_Given records_.
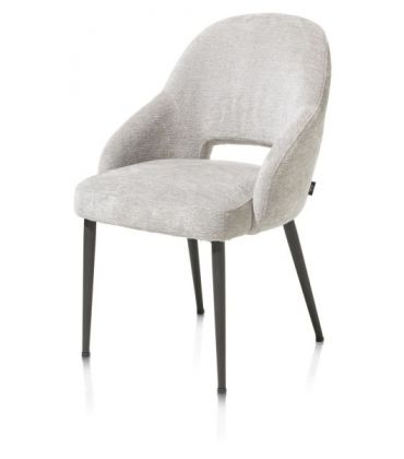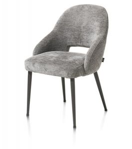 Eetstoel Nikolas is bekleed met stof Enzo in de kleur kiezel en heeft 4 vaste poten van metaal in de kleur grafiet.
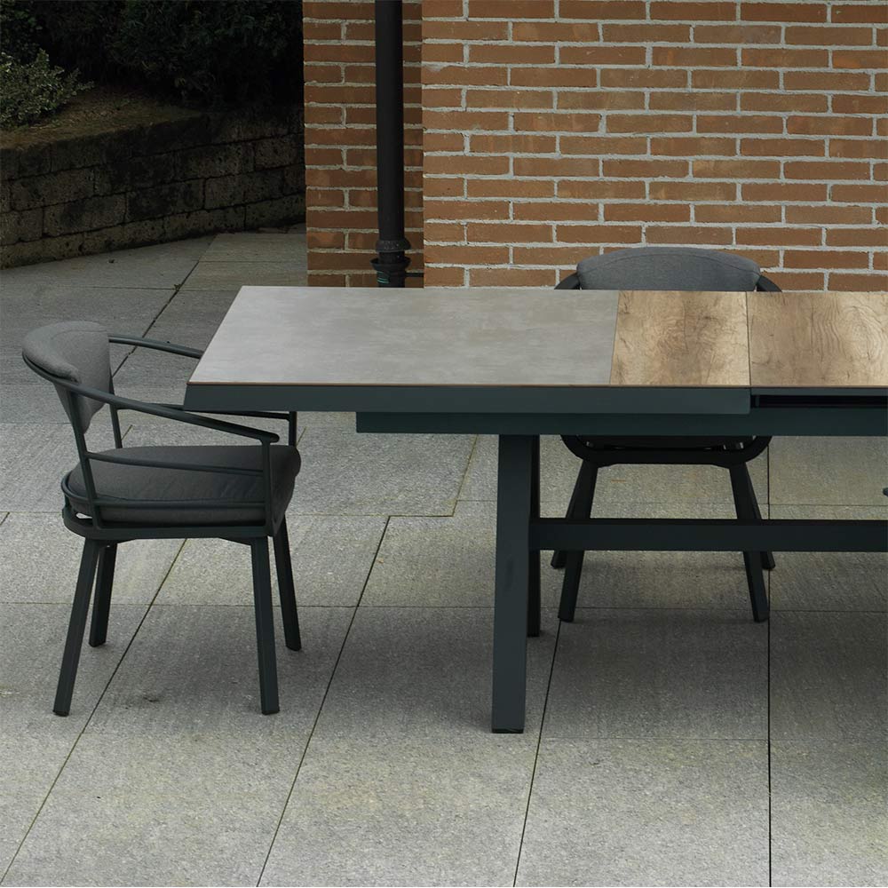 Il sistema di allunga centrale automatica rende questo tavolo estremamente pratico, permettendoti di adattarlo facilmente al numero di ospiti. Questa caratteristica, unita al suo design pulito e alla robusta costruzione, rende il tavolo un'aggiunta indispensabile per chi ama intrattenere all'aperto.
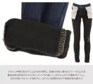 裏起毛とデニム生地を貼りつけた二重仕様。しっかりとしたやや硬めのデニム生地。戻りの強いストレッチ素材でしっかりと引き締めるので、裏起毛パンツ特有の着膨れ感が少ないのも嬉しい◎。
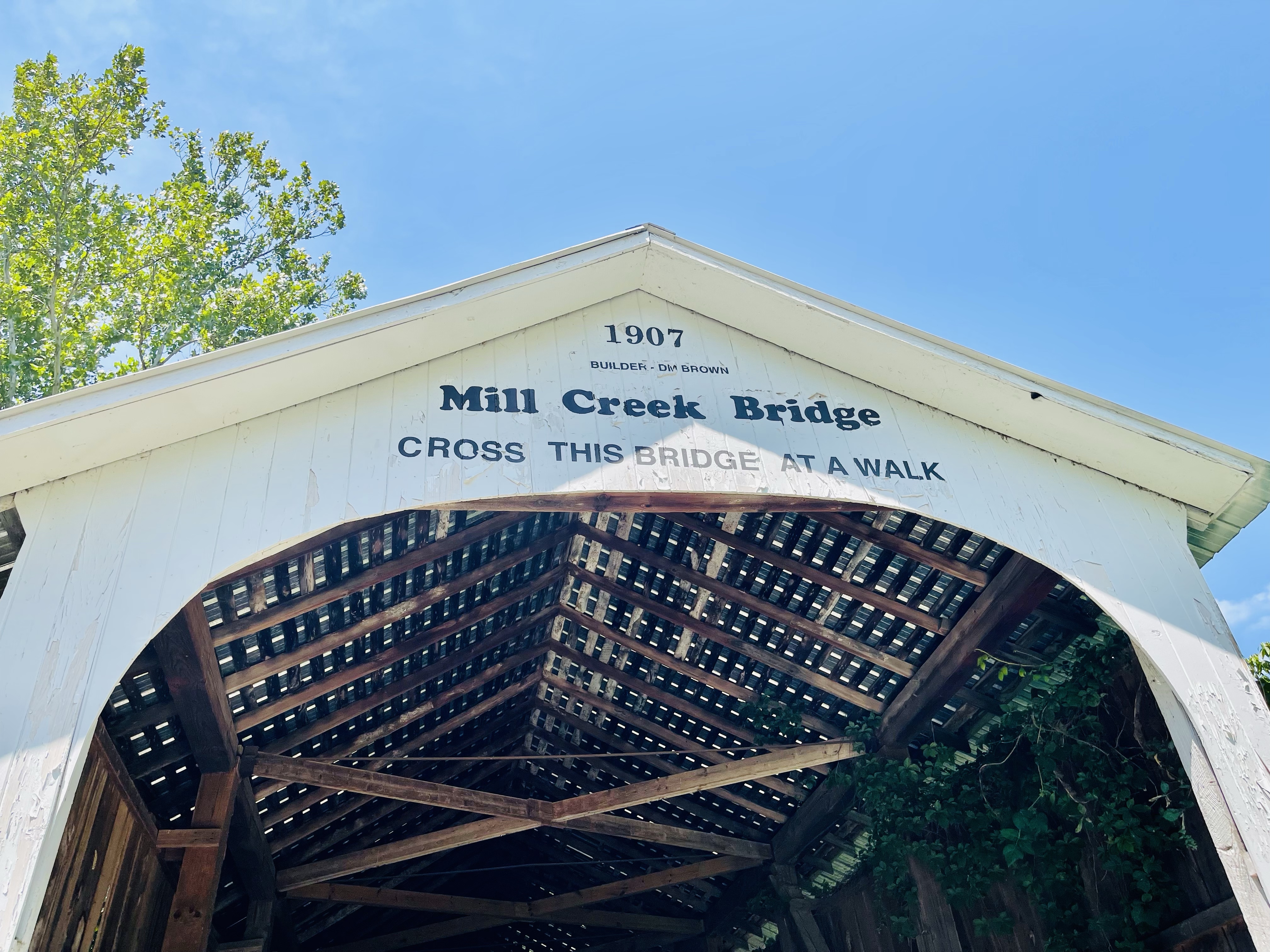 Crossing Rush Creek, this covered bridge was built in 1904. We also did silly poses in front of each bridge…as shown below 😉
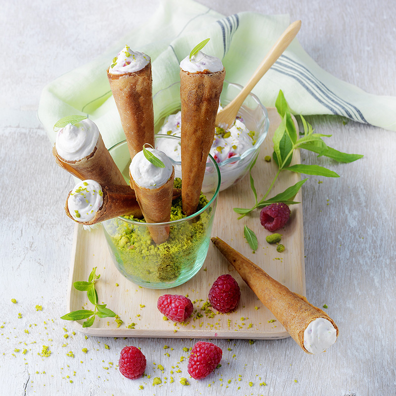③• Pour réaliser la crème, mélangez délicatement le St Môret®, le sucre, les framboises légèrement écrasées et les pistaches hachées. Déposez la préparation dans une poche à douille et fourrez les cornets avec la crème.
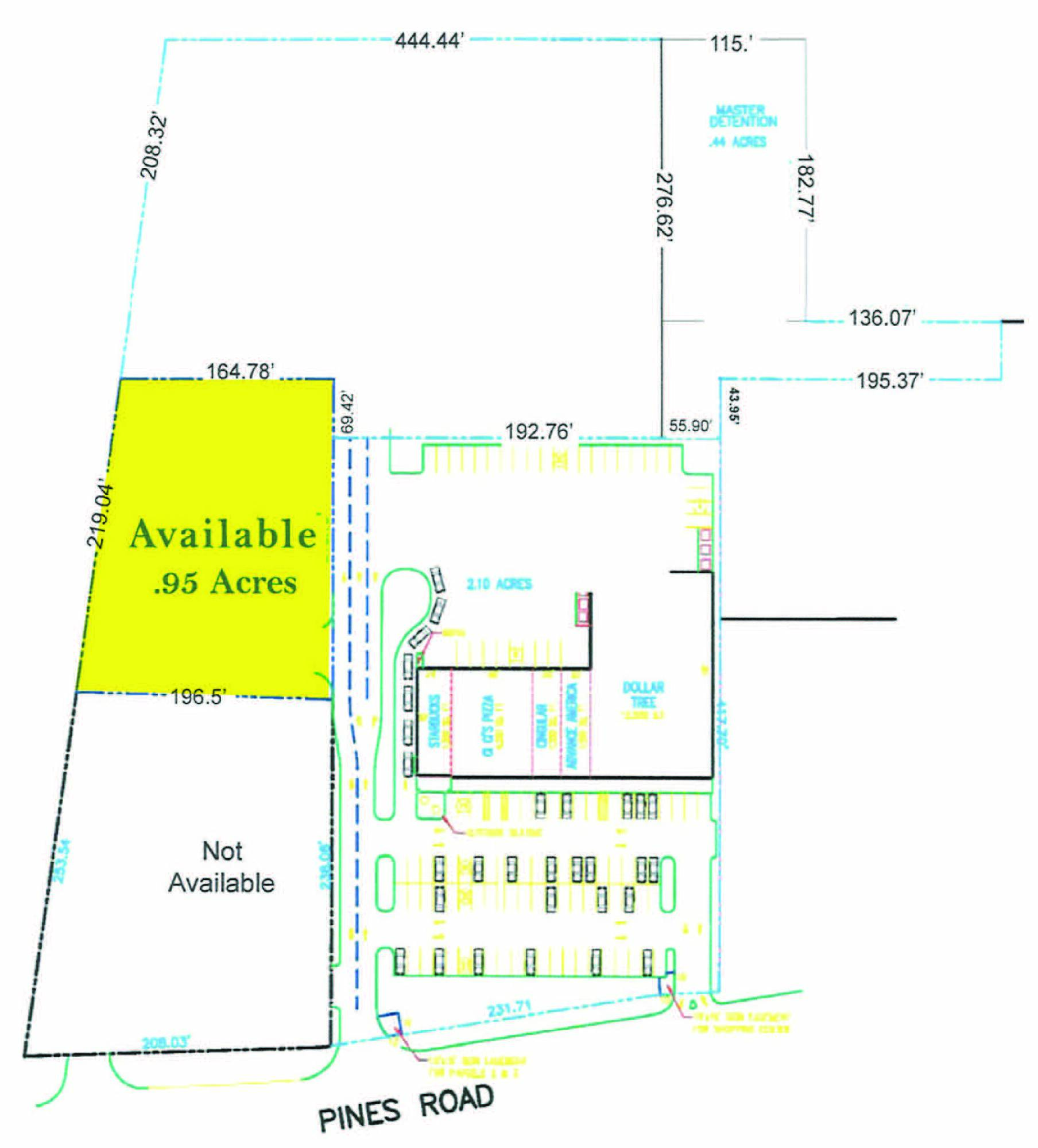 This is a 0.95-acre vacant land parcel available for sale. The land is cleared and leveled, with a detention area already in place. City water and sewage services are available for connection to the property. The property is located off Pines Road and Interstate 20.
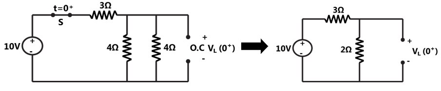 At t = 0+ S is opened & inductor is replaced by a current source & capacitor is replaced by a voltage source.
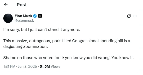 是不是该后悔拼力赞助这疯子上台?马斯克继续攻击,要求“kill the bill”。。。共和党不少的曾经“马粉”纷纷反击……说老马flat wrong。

_Problem statement_. Each line above is to be repeated exactly as written; no picture is carried over.

_Finished task_.
 Eetstoel Nikolas is bekleed met stof Enzo in de kleur kiezel en heeft 4 vaste poten van metaal in de kleur grafiet.
 Il sistema di allunga centrale automatica rende questo tavolo estremamente pratico, permettendoti di adattarlo facilmente al numero di ospiti. Questa caratteristica, unita al suo design pulito e alla robusta costruzione, rende il tavolo un'aggiunta indispensabile per chi ama intrattenere all'aperto.
 裏起毛とデニム生地を貼りつけた二重仕様。しっかりとしたやや硬めのデニム生地。戻りの強いストレッチ素材でしっかりと引き締めるので、裏起毛パンツ特有の着膨れ感が少ないのも嬉しい◎。
 Crossing Rush Creek, this covered bridge was built in 1904. We also did silly poses in front of each bridge…as shown below 😉
③• Pour réaliser la crème, mélangez délicatement le St Môret®, le sucre, les framboises légèrement écrasées et les pistaches hachées. Déposez la préparation dans une poche à douille et fourrez les cornets avec la crème.
 This is a 0.95-acre vacant land parcel available for sale. The land is cleared and leveled, with a detention area already in place. City water and sewage services are available for connection to the property. The property is located off Pines Road and Interstate 20.
 At t = 0+ S is opened & inductor is replaced by a current source & capacitor is replaced by a voltage source.
 是不是该后悔拼力赞助这疯子上台?马斯克继续攻击,要求“kill the bill”。。。共和党不少的曾经“马粉”纷纷反击……说老马flat wrong。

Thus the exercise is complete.